• [Prompt] Beginning with the line that holds "На данном уроке" and finishing with the line that holds "Le angoliere, dalle", repeat the listing exactly, leaving every picture out.

• [Supplied information]
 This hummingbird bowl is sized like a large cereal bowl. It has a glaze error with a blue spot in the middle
* * *
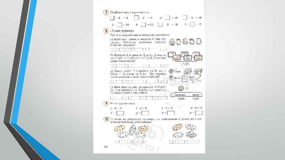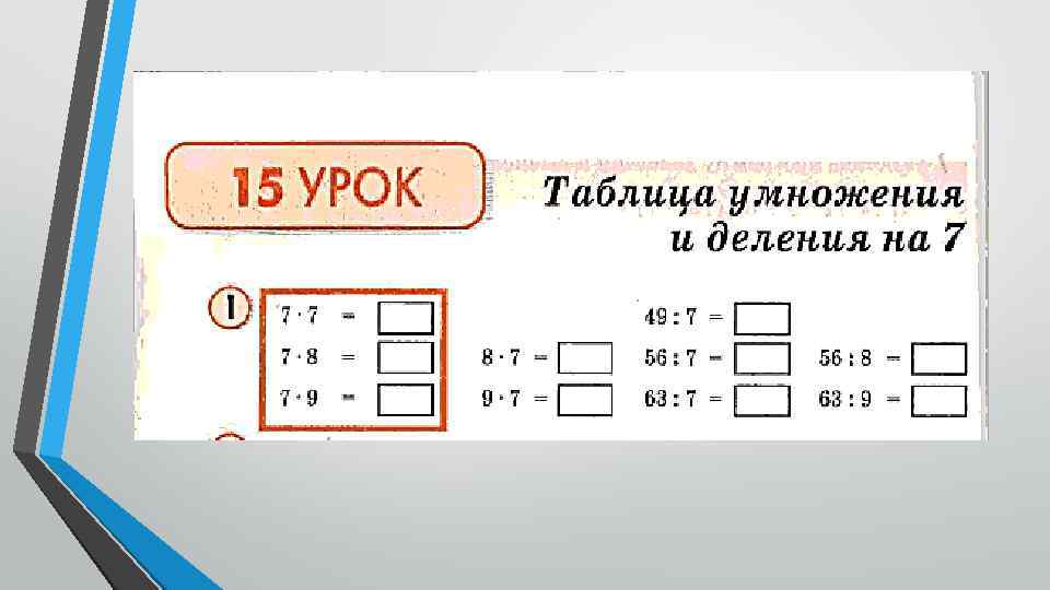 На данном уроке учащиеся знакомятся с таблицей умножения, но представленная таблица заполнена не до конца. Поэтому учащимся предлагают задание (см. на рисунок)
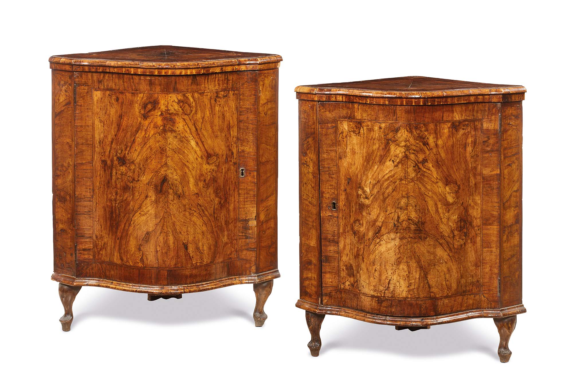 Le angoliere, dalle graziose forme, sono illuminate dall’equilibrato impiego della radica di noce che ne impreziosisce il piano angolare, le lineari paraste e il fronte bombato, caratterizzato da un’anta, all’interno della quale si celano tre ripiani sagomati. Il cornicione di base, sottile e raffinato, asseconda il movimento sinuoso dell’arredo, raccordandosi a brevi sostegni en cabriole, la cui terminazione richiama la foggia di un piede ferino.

• [Answer below]
 На данном уроке учащиеся знакомятся с таблицей умножения, но представленная таблица заполнена не до конца. Поэтому учащимся предлагают задание (см. на рисунок)
 Le angoliere, dalle graziose forme, sono illuminate dall’equilibrato impiego della radica di noce che ne impreziosisce il piano angolare, le lineari paraste e il fronte bombato, caratterizzato da un’anta, all’interno della quale si celano tre ripiani sagomati. Il cornicione di base, sottile e raffinato, asseconda il movimento sinuoso dell’arredo, raccordandosi a brevi sostegni en cabriole, la cui terminazione richiama la foggia di un piede ferino.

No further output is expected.